Gli assessori piemontesi alla Logistica, Enrico Bussalino, e ai Trasporti, Marco Gabusi, hanno sottolineato come la collaborazione sia un elemento chiave. L'obiettivo è rafforzare la posizione del Nord Ovest nel panorama logistico europeo. L'integrazione tra porti e retroporti è vista come un'opportunità unica. Permetterà di attrarre nuovi investimenti e di creare posti di lavoro qualificati. La visione è quella di un'unica grande area di sviluppo.
Un futuro di cooperazione per il Nord Italia
La collaborazione tra Liguria e Piemonte per la governance dei porti di Genova e Savona-Vado rappresenta un passo avanti significativo. L'intesa mira a creare un polo logistico integrato di rilevanza europea. Si punta a sfruttare al meglio la posizione geografica strategica del Nord Ovest italiano. La vicinanza con la Francia e la Svizzera, unita all'accesso al Mar Mediterraneo, rende questa area particolarmente attrattiva.
L'impegno congiunto delle due regioni è volto a semplificare le procedure. Si vuole migliorare l'efficienza dei trasporti e delle operazioni portuali. L'obiettivo è rendere i porti liguri ancora più competitivi a livello internazionale. La presenza di un rappresentante piemontese nel CDA dell'Autorità di Sistema Portuale garantirà una visione più ampia. Considererà le esigenze dell'entroterra e le potenzialità di sviluppo delle aree retroportuali.

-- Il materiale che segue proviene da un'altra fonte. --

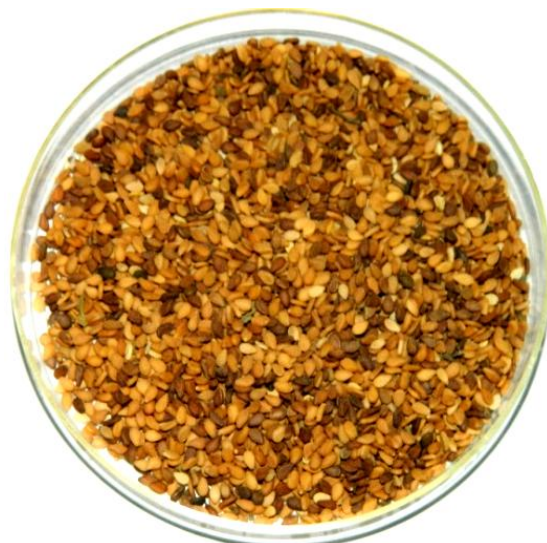
Figure 3. Light brown colored seed, code-4.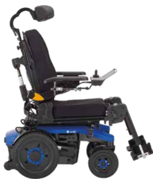
AVIVA RX 40+ Modulite

This entry level drive only powerchair has superb indoor mobility and is ideal for those with less clinically high end needs.

La cooperazione non si limiterà alla gestione dei porti. Si estenderà anche allo sviluppo delle infrastrutture di collegamento. Si parla di strade, ferrovie e reti digitali. Questo renderà più agevole il movimento delle merci. Migliorerà l'intermodalità e ridurrà i tempi di consegna. L'iniziativa è un esempio di come la collaborazione tra regioni possa portare benefici concreti. Migliora la competitività del sistema Paese e crea nuove opportunità per i cittadini.